The period leading up to the rising was filled with a mounting rejection by the prisoners of brutal conditions of confinement. It was also a time of growing unity, of serious pulling together across national, religious and age lines. Men were coming together, discussing conditions, underlying causes, and possible solutions. Study groups were set up among the most serious prisoners, and revolutionary insight and ideology guided the way to clearer understanding of how and why an Attica could exist in 1971 in the U.S.A.
The government's old stand-by divide and conquer tactic was working less and less, and as I left friends and comrades that May morning, we realized that either some resolution to the most horrendous conditions had to occur or serious struggle would soon be jumping off.
It was not simply about bad food or brutal treatment. It was more fundamental, about the oppressed, those without power, about refusing to accept injustice any longer. It was tied into the Vietnamese farmers who at that time were resisting U.S. B-52's. Historically it was connected to African slaves plotting and acting against the enslavers, to Native American people resisting settler occupation and atrocities, to the Puerto Rican and other colonized nations' undying thirst for liberty. In its essence, it was an extreme case of poor and working people stuck on the bottom of an unjust system, standing up, refusing to accept it any longer and fighting back. And it continued and continues on even after the Attica Brothers' noble and courageous words and their stand in D-yard during those September days, 9th - 13th of 1971.

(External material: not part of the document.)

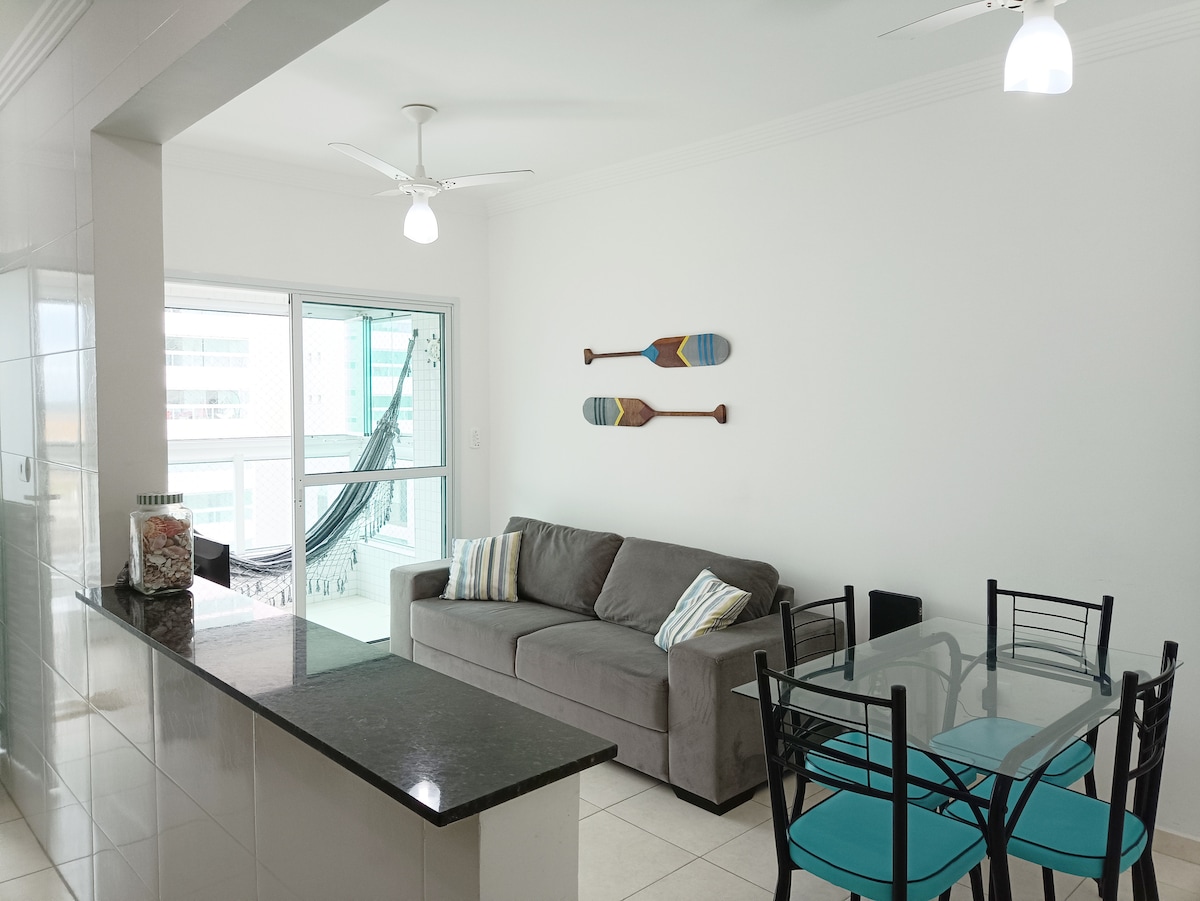 Bain sult as le do theaghlach sa timpeallacht thaitneamhach seo agus radharc iontach ar an bhfarraige. Lonnaithe thart ar 80 km ó São Paulo, tá dhá sheomra folctha sa spás seo, svuít amháin. Tá dhá sheomra leapa ann, le radharc na farraige, chomh maith le balcóin álainn gourmet le beárbaiciú. Tá teilifíseáin ann sa seomra suí agus sa dá sheomra leapa, agus sa seomra suí tá sé Cliste. Tá Wi - Fi agus spás páirceála amháin ann freisin.

Recent prison uprisings from Lucasville, Ohio to the multiple federal prison uprisings last fall are but some modern examples. On a broader level, the continuing struggles from the IRA guerrillas in Ireland, to the Shining Path/Communist Party in Peru, to the indigenous peasant guerrilla uprisings in Mexico (to name just a few) are all part of this Freedom Struggle.
Attica was a bright light, a searing beacon showing that even the most oppressed in the tightest of conditions can rise up. It was also a blood-drenched reminder that the American government will fight against Peoples' quests for justice and freedom and is willing to commit unspeakable atrocities to hold onto its power.
The aftermath of Attica saw beatings, torture, transfers, legal actions; in other words, much of the usual state repression. But it also brought about longer-term changes, including some meaningful ones, like family/conjugal visits throughout NY State prisons.
History shows us that even reformist halfway decent changes only occur through hard and costly struggle. But nothing remains stationary. The many prison rebellions during that period, of which Attica was the most well known, resulted in some real improvements as well as a lot of meaningless changes. Recently, and this is true across the country, a lot of the improvements made then have been taken away. The "tough on crime - no frills" mentality of the government is stripping prisoners of more and more, even as huge increases occur in the prison population.
It's as simple as this: if We the People aren't pushing them, they immediately begin pushing us back - all the way back to servitude and slavery, and that's regardless of race or nationality if you are a prisoner.
So, like the Attica survivors said, it didn't begin or end at Attica - but Attica is a good and necessary place to remember the fallen, recognize the enemy, and continue our Freedom Struggle, more determined than ever.
Oppressed classes - people and oppressed nations united in battle against the real enemy - using all methods of struggle that are called for -- REMEMBER ATTICA! The future is ours to create.